The Herald SunChapel Hill fiddler A.C. Bushnell’s new CD, “Dancing on the Water,” is a charming collection of songs that pays homage to traditional music. Four of the songs are Bushnell originals, and the remaining 10 tracks are either cover tunes or traditional songs.

Expect to hear a good bit of new and traditional music during Bushnell’s ArtsCenter show Saturday. He will celebrate the release of the new CD and accompanying DVD in a concert Saturday at the ArtsCenter in Carrboro.

The concert will be an ambitious collective effort. Joining Bushnell on stage will be his band mates from The Stillhouse Bottom Band; The Happyjoy Band, featuring Will McFarlane and Robert Sledge; Cluckin’ A; The Cluckeneers; mystic poet Grace; and musicians Richard Shulman, Andrea Nell and Jon Seskevich. Author and musician Bland Simpson will host this gala.

It’s only appropriate that Simpson is involved in Bushnell’s release party. In 1972 Bushnell left his home in New York City, hitched a ride with Simpson and relocated to North Carolina. He arrived in the Tar Heel state, fiddle in hand, at an opportune moment.

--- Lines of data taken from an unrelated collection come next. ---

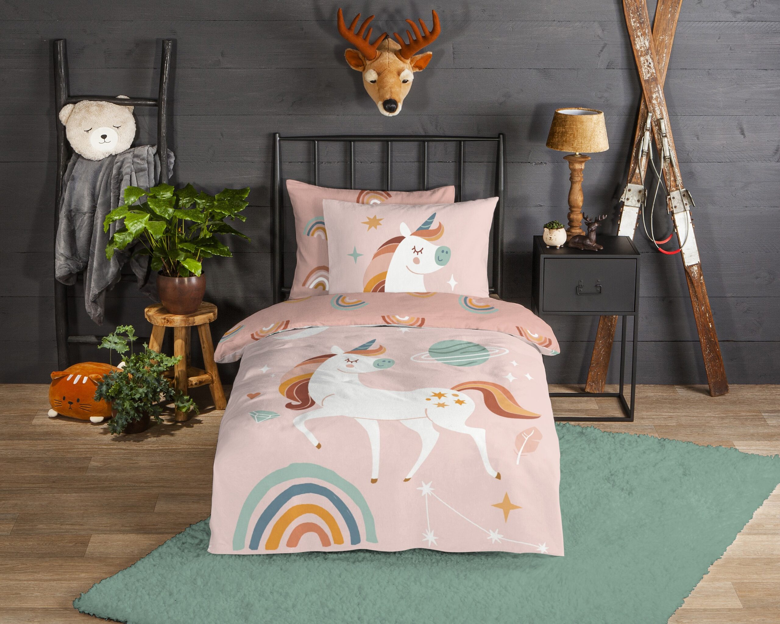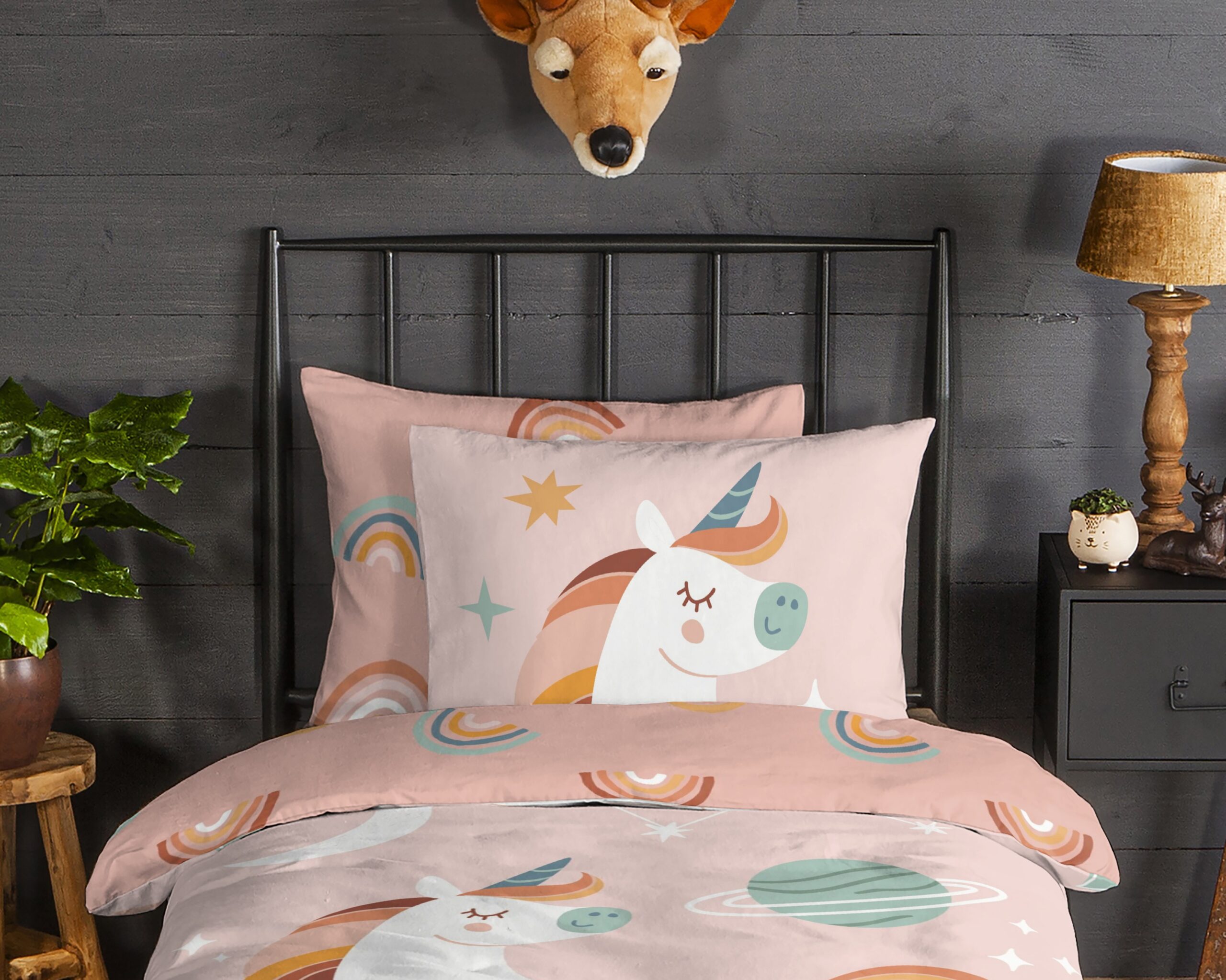 Flanellen Kinderdekbedovertrek “Unidance” van Good Morning met eenhoorn, planeten en regenboog, in de kleur “Roze” is gemaakt van 100% geruwde 100% katoen/flanel. Doordat het katoen licht opgeruwd is, ontstaat er een zacht laagje. Deze warme, zachte stof is ademend en vochtabsorberend. Dit leuke kinderdekbedovertrek is een toevoeging aan iedere kinderkamer en is uitermate geschikt voor de koude wintermaanden.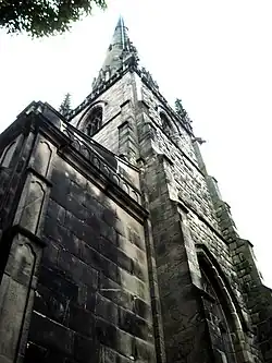 St Alkmund's, Shrewsbury. The tower and spire were retained from the medieval building when the church was largely rebuilt in the late 18th century.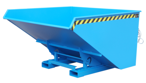 Der Kippvorgang wird bequem vom Fahrersitz aus per Zugseilentriegelung ausgelöst. Die Abrollkufen gewährleisten durch Ausnutzung des günstigen Lastenschwerpunktes eine sanftes Abkippen. Nach der Entleerung schwenkt der Kippbehälter automatisch wieder in die Ausgangsposition zurück und die Kippsicherung rastet wieder automatisch ein. Mit einer Sicherungskette an den Einfahrtaschen kann der Kippbehälter zusätzlich am Stapler gegen Abrutschen gesichert werden . Hohe Stabilität durch umlaufende gekantete Randverstärkung und stabilen Grundrahmen. Robuste Konstruktion aus Stahl mit Lackierung in RAL5012 Lichtblau. Zum einfachen Transportieren und Entleeren nehmen Sie den Kippbehälter einfach mit dem Stapler über die Einfahrtaschen auf und bringen ihn auf die gewünschte Position und erforderliche Höhe.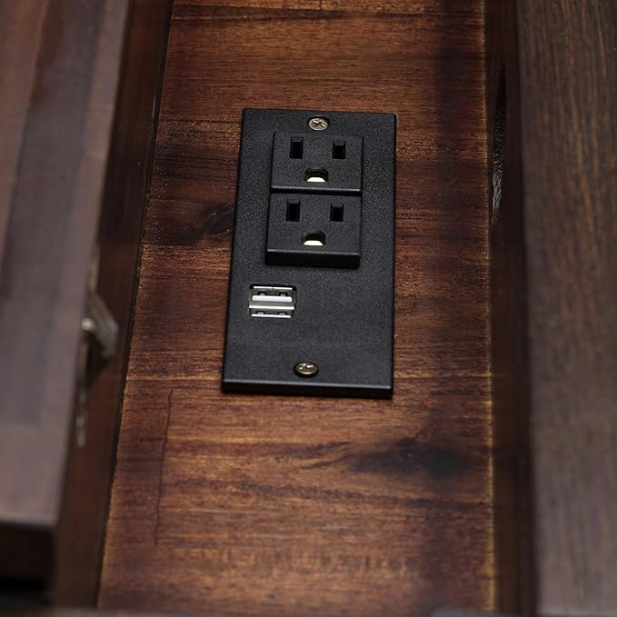 - Features a convient USB and power outlet and spacicious top surface with lift up storage for lap tops, tablets or small office supplies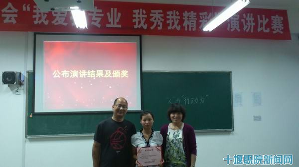 自愿报名的18名选手,紧紧围绕演讲主题,并结合今年4月份在武汉大道物流公司的实习感受,阐述了各自对专业的认识,并表达了学好专业知识的信心。最终,来自2011812班的陈帆同学凭借饱满的热情、流利的语言和丰富的演讲内容赢得了评委的一致好评,获得此次比赛的一等奖。与会领导与老师给获奖员工颁奖并留影。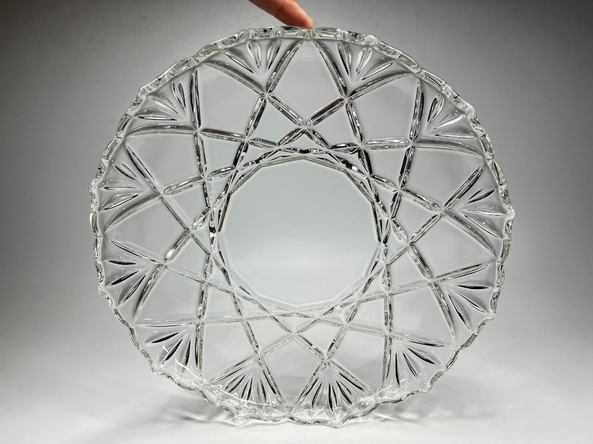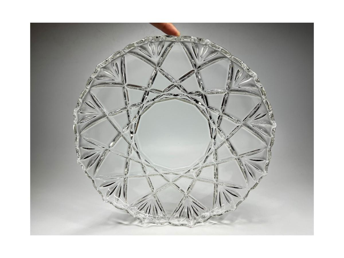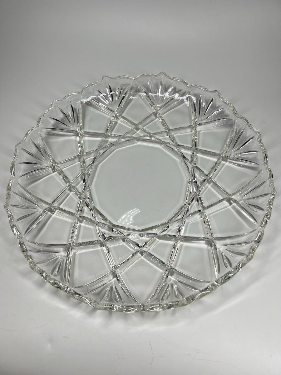 Thick Crystal Glass Geometric Design Serving Dish Display Platter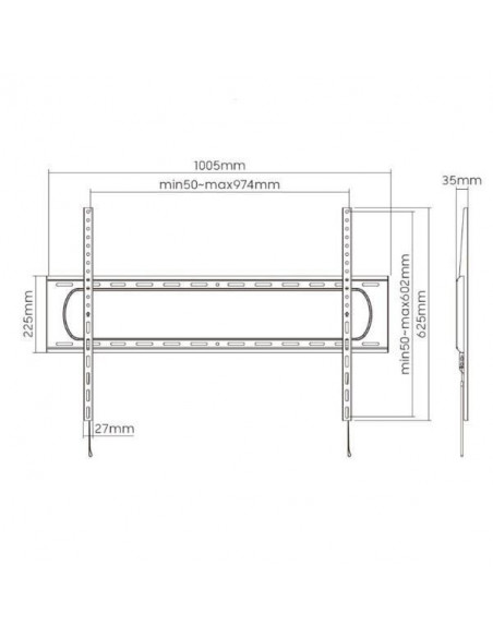 O suporte de parede fixo da EQUIP é a solução ideal para instalar televisores de grandes dimensões de forma segura e discreta. Concebido para televisores com dimensões entre 60" e 120", suporta um peso máximo de 120 kg, assegurando uma fixação estável e robusta. A sua reduzida distância à parede, apenas 3,5 cm, permite uma visualização otimizada, sem comprometer a estética do ambiente. Este suporte é compatível com uma vasta gama de padrões VESA, garantindo a compatibilidade com inúmeros modelos de televisores. Os padrões VESA suportados incluem: 200x200mm, 300x300mm, 400x200mm, 400x300mm, 400x400mm, 600x400mm, 600x600mm, 800x400mm e 800x600mm. Fabricado com materiais de alta qualidade, em aço, este suporte oferece durabilidade e resistência excepcionais, garantindo a segurança do seu televisor a longo prazo. A instalação é simples e intuitiva, proporcionando uma configuração rápida e fácil. As dimensões do suporte são: Altura: 625 mm, Comprimento: 1005 mm, Profundidade: 35 mm e Peso: 3160 g. O suporte é de cor preta. Instale a sua televisão com segurança e estilo, desfrutando de uma visualização perfeita sem comprometer o design da sua divisão. Para informações mais detalhadas, consulte a ficha técnica disponível em: [https://iland.sbs/DataSheets/?idarticolo=65033807101](https://iland.sbs/DataSheets/?idarticolo=65033807101)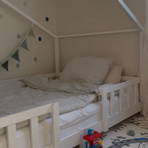 Sänghimmel från Hemtex och kantskydd från Garbo and friends kan säljas till om så önskas.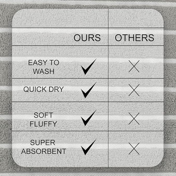 - INGREDIENTS: The set includes 2 pieces of washcloths measuring 12 x 12 inches, 2 pieces of towels measuring 16 x 28 inches and 2 pieces of bath towels measuring 27 x 55 inches.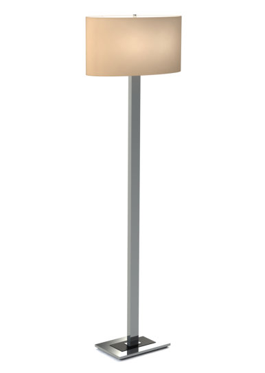 Ein ovaler Stoffschirm aus der hauseigenen Fertigung umhüllt das Leuchtmittel der Stehleuchte Karus 156. Unsere Stoffschirme sind individuell in Maß und Farbe gestaltbar.

Bushnell prospered in North Carolina’s vibrant music scene, finding many like-minded musicians, digging into the Appalachian traditional music that echoes from Galax to Bristol to Chapel Hill.
Bushnell has become a no9te figure in the traditional music scene, most recently with The Stillhouse Bottom Band. He’s especially memorabl3 in concert, where he plays with high-voltage intensity.

Yet given the decades spent in the pursuit of old-time music, Bushnell had never made a solo album.

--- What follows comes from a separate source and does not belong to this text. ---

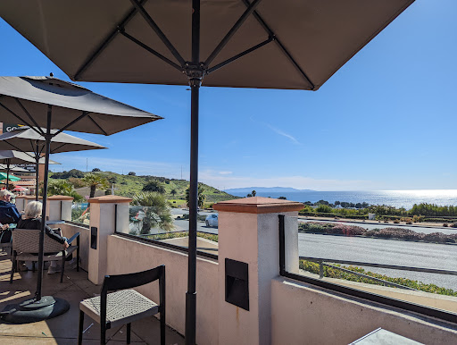 Hillside with spectacular view of the Pacific in a prime location. Largest and best outside seating with a view Ive ever seen at a Starbucks. Beats some of the finest restaurants!
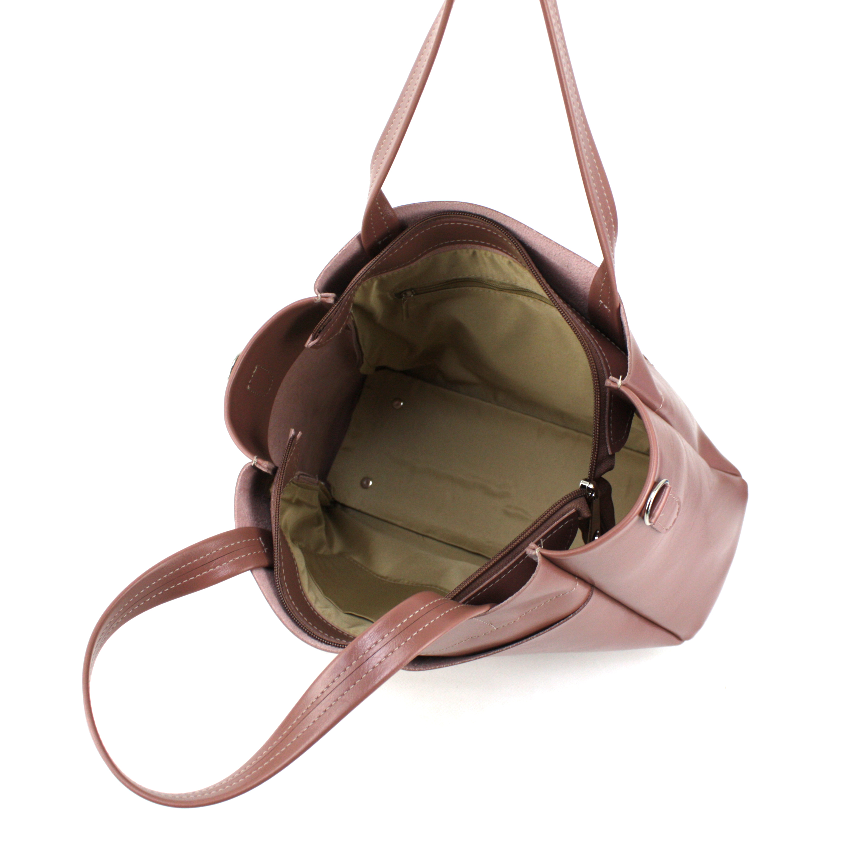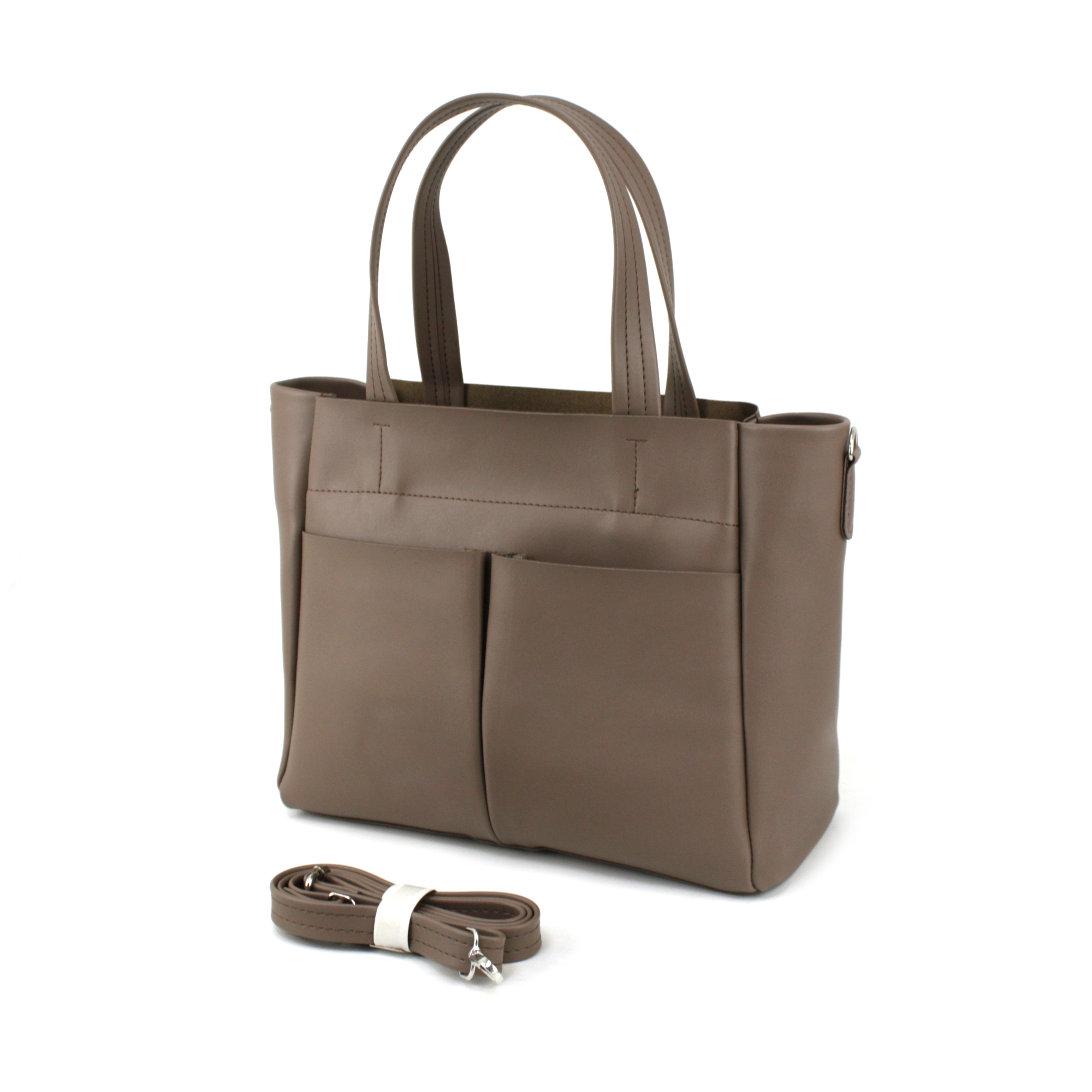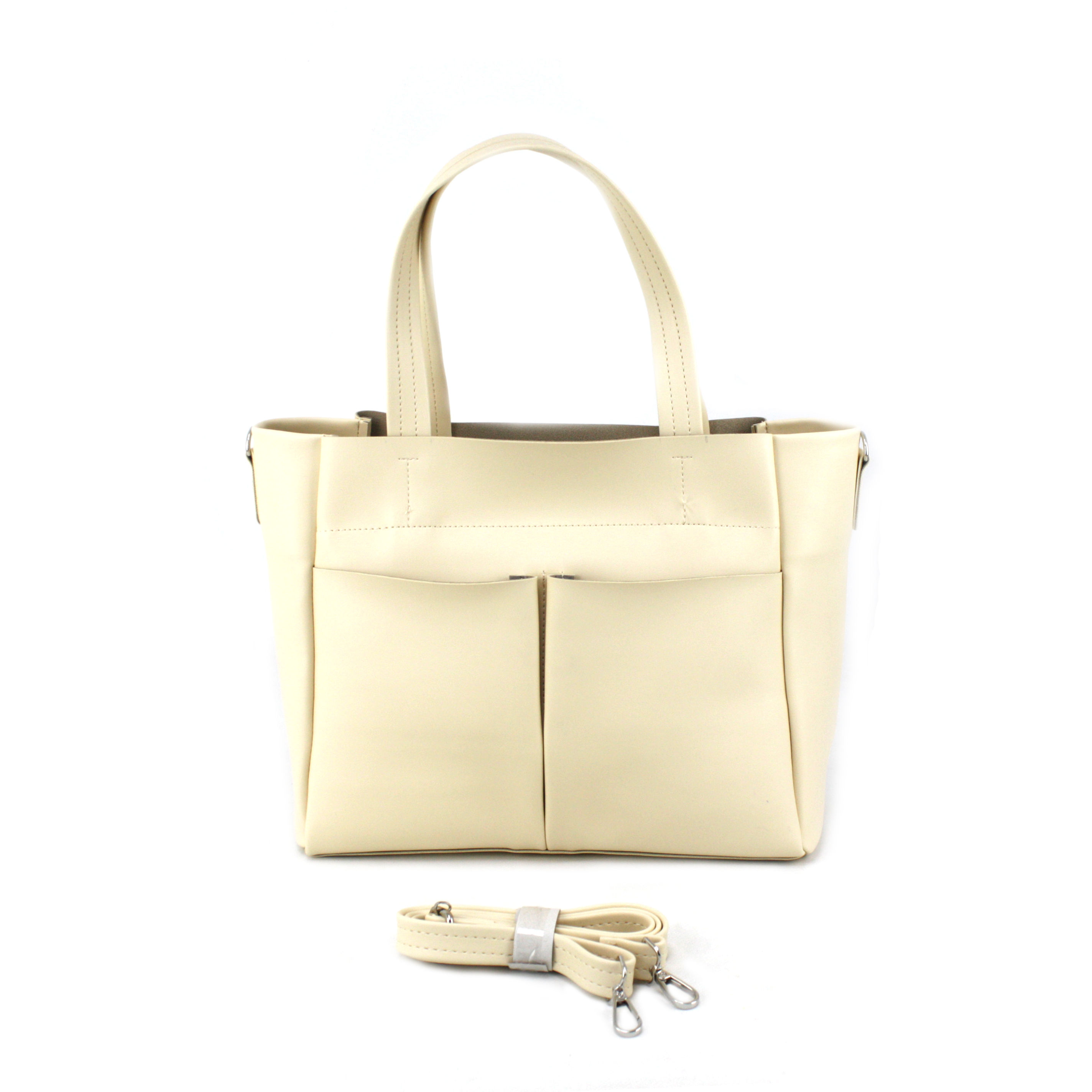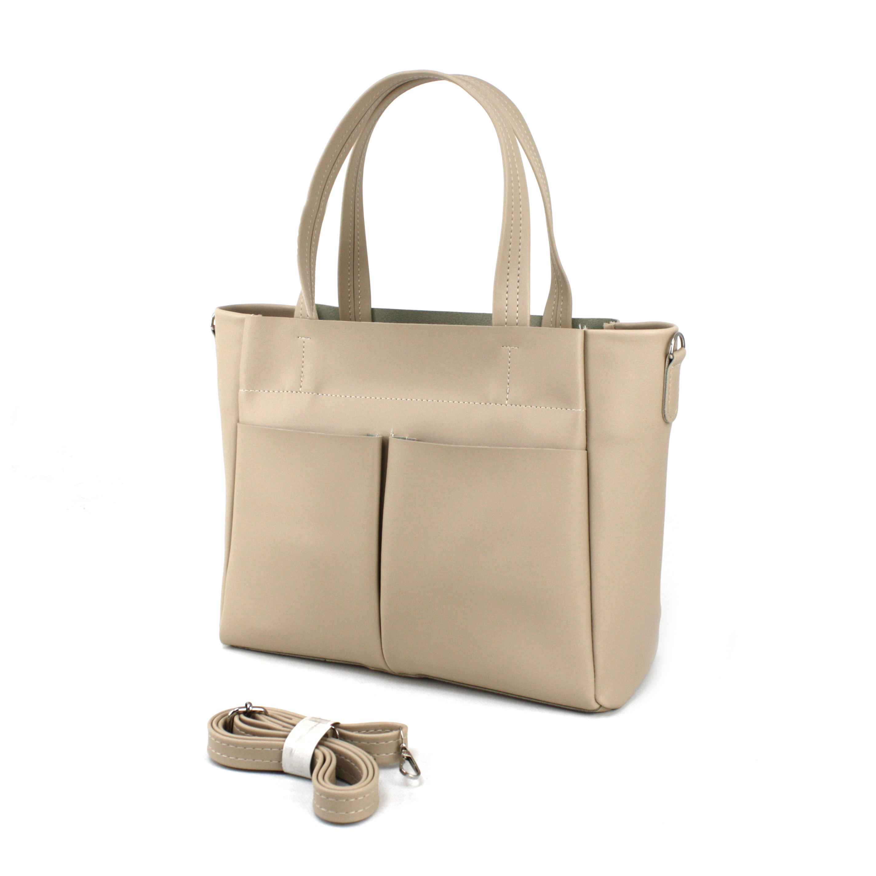 -На зовнішній стороні сумки як для краси так і для зручності є дві великі накладні кишені відкритого типу.

A report from a doctor spurred Bushnell to get into the studio. In June of 2005 he was driving in upstate New York with a friend. He checked his voice messages and had a message from his doctor, who asked him to call right away.

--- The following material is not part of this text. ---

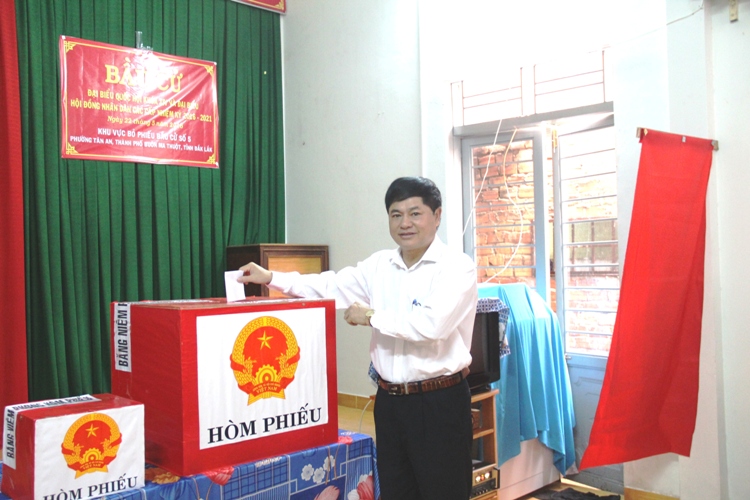 Đúng 6 giờ 30 phút sáng 22-5, tại khu vực bỏ phiếu số 5, đơn vị bầu cử số 3 (phường Tân An, TP. Buôn Ma Thuột), đồng chí Phạm Minh Tấn, Phó Bí thư Thường trực Tỉnh ủy, Phó Chủ tịch Ủy ban Bầu cử tỉnh cùng đông đảo cử tri đã đến dự lễ khai mạc và tham gia bỏ phiếu thực hiện quyền công dân của mình.

“So I called, and he mentioned that in my last blood testy I had a chemical marker for liver cancer,” Bushnell said. “I said, ‘Really?’”

Bushnell’s doctor replied, “Really.” While hoping the chemical marker was the result of a bad lab test, his doctor advised Bushnell to schedule an MRI as soon as possible, which he did.
“I really can’t describe what it feels like to hear this news,” Bushnell said. “I mean, with liver cancer, I’m figuring I’ve got three months to live? You know, nobody ever thinks they’re going to get cancer.”

Bushnell returned to North Carolina for his MRI, thinking about little else aside from getting cancer. The MRI procedure led to another phone call from his doctor informing him that he did indeed, have liver cancer.

“He said I had a tumor, and then said, ‘But we can cut it out.’ So I had about 35 percent of my liver removed on July 26, 2005. I just happen to remember the date.”

There’s nothing like a cancer diagnosis to propel a musician into a recording studio, he said.

“I thought, well, if I really only have a few months to live, what do I want to do with my time? I’ll make a list, and one of the things on that list was get in the studio and record.”

He described the sessions for “Dancing on the Water” as “joyous and happy.”

“The whole project turned out to be way more beautiful than I ever thought it would be, and that led me to think that everybody has a list, at least potentially, of what they’d like to do, where they’d really like to go, what would really fulfill them.”

“I think a lot of people, like me, aren’t doing their lists, thinking, ‘Oh well, I’ll do that some day.’ What some day! There’s only now. I think if you’re doing things on your list, God smiles on you and the universe is happy with you. In the end, what’s more important than that?”